Loi de finance 2013, les changements pour la fiscalité de votre Epargne

La loi de finance 2013 prévoit pour les ménages une hausse d’impôts de dix milliards d’euros.

Le gouvernement prévoit notamment de modifier la taxation des produits d’épargne pour lesquels les ménages vont perdre un certain nombre d’avantages.
Nous allons passer en revue les changements à venir, d’une part pour les intérêts des placements et d’autre part pour les plus values mobilières.
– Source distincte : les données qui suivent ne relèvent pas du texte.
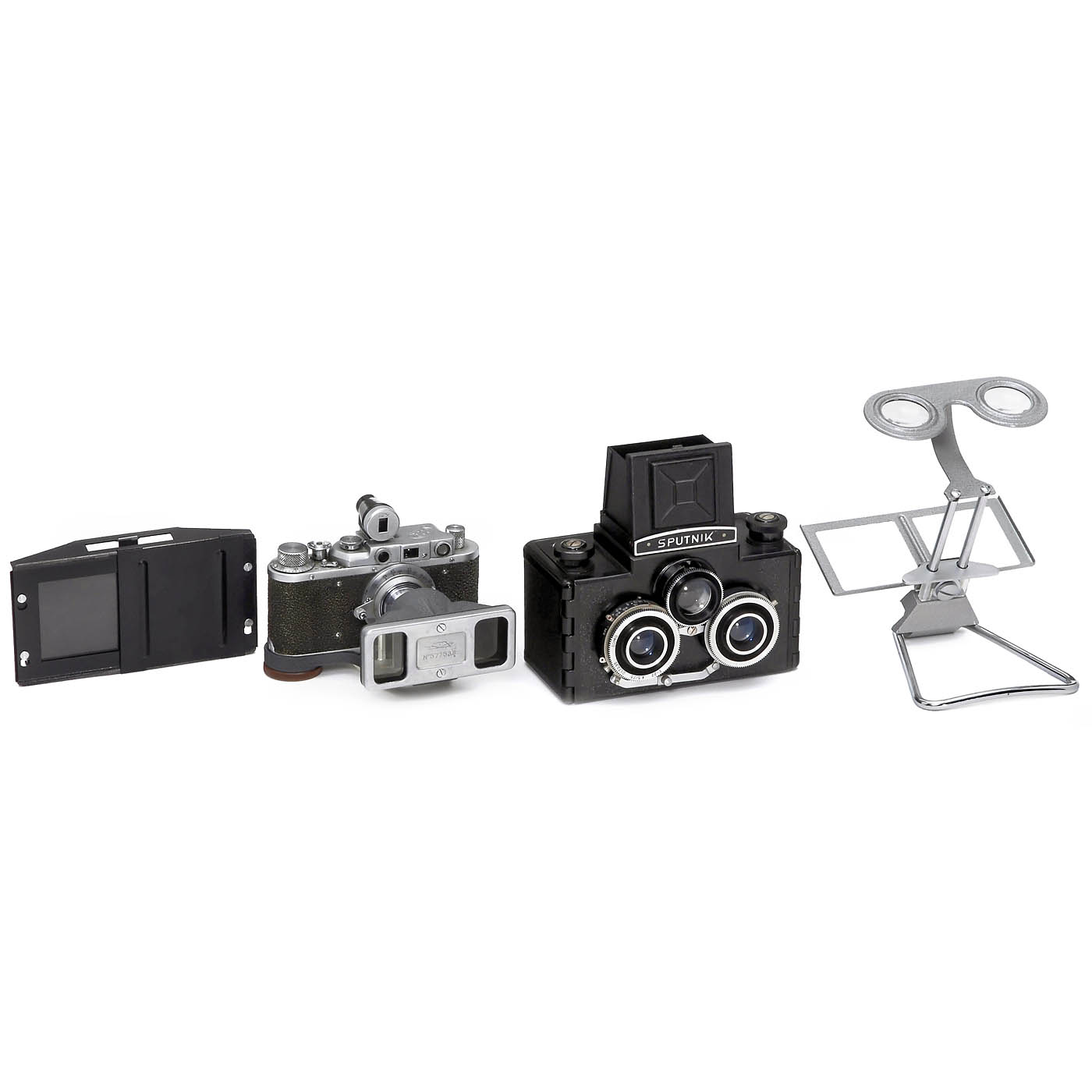 1) Fed, USSR. Fed from 1966 with Fed 3,5/50 mm and stereo-attachment with viewfinder, inside some fog. All else: (3/3) - And: 2) GOMZ, USSR. Sputnik, 1955, for 120 film for stereo exposures of 6 x 6 cm, T-22 Lomo 4,5/7,5 cm, viewer lens with lens separation, with case, stereo viewer, copying frame, caps and box. (3/3)

Tout d’abord, la loi de Finance 2013 envisage de modifier la fiscalité des intérêts des produits de placements et des dividendes. 2013 mettra un terme au prélèvement libératoire. Le contribuable pouvait jusqu’alors payer un montant forfaitaire d’impôts qui variait selon les produits (24% pour les intérêts sur livrets et coupons des obligations et 21% pour les dividendes) plutôt que d’être soumis à l’impôt sur le revenu et à son barème progressif.
Dorénavant, les intérêts de placements seront soumis à un taux progressif pouvant aller jusqu’à 45%. Néanmoins, pour les contribuables recevant moins de deux mille euros d’intérêts par an, il sera possible de demander l’application d’un taux forfaitaire de 24%.
En outre, le contribuable sera soumis aux prélèvements sociaux qui s’élèvent actuellement à 15,5%.

Par ailleurs, la loi de finance 2013 modifie l’imposition des plus values mobilières. En effet, actuellement taxées à 19%, les plus values seront également soumises à l’impôt sur le revenu.

Cependant, le gouvernement a prévu un abattement dont l’intérêt sera proportionnel à la durée de détention des titres. L’abattement sera de 5% pour une conservation des titres de deux à quatre ans, 10% pour une durée de quatre à sept ans et pourra aller jusque 40% à partir de la douzième année.

Il est à noter que malgré les déclarations entendues pendant la campagne présidentielle, la fiscalité de l’assurance vie reste pour le moment épargnée dans la loi de Finance 2013.